* WORK INSTRUCTIONS: Give the data back exactly. Leave out any images.

* GIVEN MATERIAL:
--- START ---

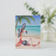 Whimsical Beach Babe Flamingo No. 1 Watercolor Art Postcard
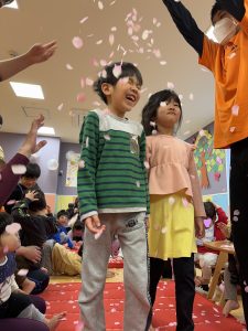 とびっきり笑顔の子どもと綺麗なフラワーシャワー🌺
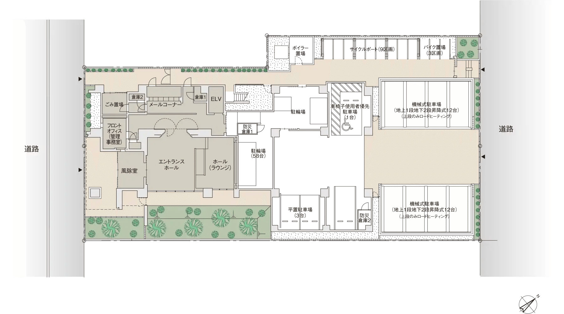 - 自転車置場総台数:58台(月額使用料:100〜300円)

--- END ---

* SOLUTION FOR THIS EXERCISE:
 Whimsical Beach Babe Flamingo No. 1 Watercolor Art Postcard
 とびっきり笑顔の子どもと綺麗なフラワーシャワー🌺
 - 自転車置場総台数:58台(月額使用料:100〜300円)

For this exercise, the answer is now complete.